• **EXERCISE AIM**:
Transcribe the entries below word for word, beginning at the line with "Leider wird die" and stopping after the line with "12月14日,在美國(guó"; drop all pictures.

• **SOURCE MATERIAL**:
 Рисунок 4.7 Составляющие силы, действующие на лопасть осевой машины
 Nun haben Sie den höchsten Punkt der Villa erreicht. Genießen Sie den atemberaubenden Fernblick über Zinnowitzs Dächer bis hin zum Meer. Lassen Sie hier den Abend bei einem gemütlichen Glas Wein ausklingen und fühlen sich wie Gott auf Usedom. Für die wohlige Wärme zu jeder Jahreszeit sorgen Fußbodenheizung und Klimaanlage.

* * *

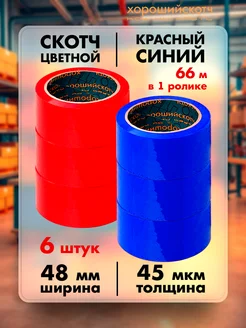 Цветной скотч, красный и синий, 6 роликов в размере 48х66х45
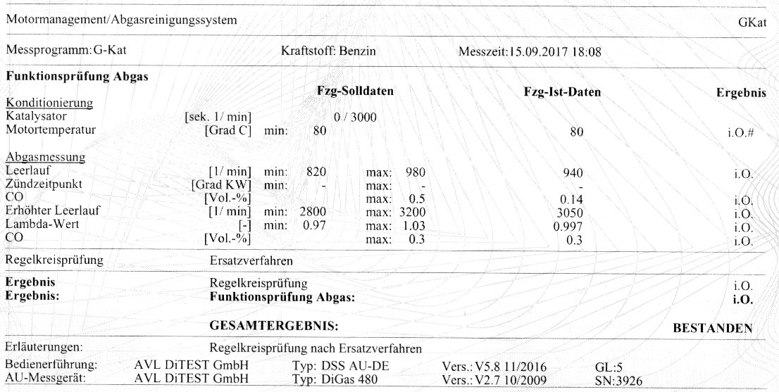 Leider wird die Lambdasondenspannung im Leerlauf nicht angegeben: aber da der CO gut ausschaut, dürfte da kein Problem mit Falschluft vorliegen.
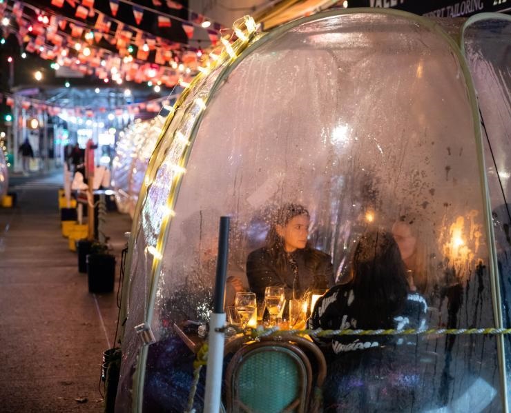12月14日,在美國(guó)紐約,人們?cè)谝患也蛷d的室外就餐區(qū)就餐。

• **ANSWER TO THE PROBLEM**:
 Leider wird die Lambdasondenspannung im Leerlauf nicht angegeben: aber da der CO gut ausschaut, dürfte da kein Problem mit Falschluft vorliegen.
12月14日,在美國(guó)紐約,人們?cè)谝患也蛷d的室外就餐區(qū)就餐。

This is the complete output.